Cecil Dawkins is a North American author primarily of fiction.
She was born in 1927 in Birmingham, Alabama, where she grew to adulthood. After graduating from the University of Alabama with a B.A. in English in 1949, she studied at Stanford University, where she earned her M.A. degree in English Literature in 1953. Her second year at Stanford she was awarded the Stanford University Creative Writing Fellowship, 1952-1953.
She has held the following academic positions:
Writer in Residence, Stephens College, 1973-1979.
Guest faculty, Sarah Lawrence College, 1979-1981.
Distinguished Visiting Writer, University of Hawaii, 1991.
Calloway/O'Conner Chair Professor, Georgia College, Milledgeville, GA, 1996-1997.
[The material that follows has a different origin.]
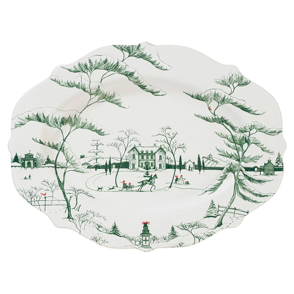 Juliska Country Estate Winter Frolic French Evergreen Ceramic Serving Platter

The Quiet Enemy, a collection of Dawkins' short stories, was published by Athenaeum in 1963 and was concurrently published by Andre Deutsch in London. One story in that collection appeared in a Martha Foley Best American Short Stories of 1963 collection and also won an award in Southwest Review and the John H. McGinnis Award for the Best Story in Two Years. Individual stories from this collection had first appeared in the Paris Review, the Georgia Review, and the Sewanee Review. The Quiet Enemy was reissued in the Penguin Contemporary American Fiction series, and again, in 1996, by the Georgia University Press.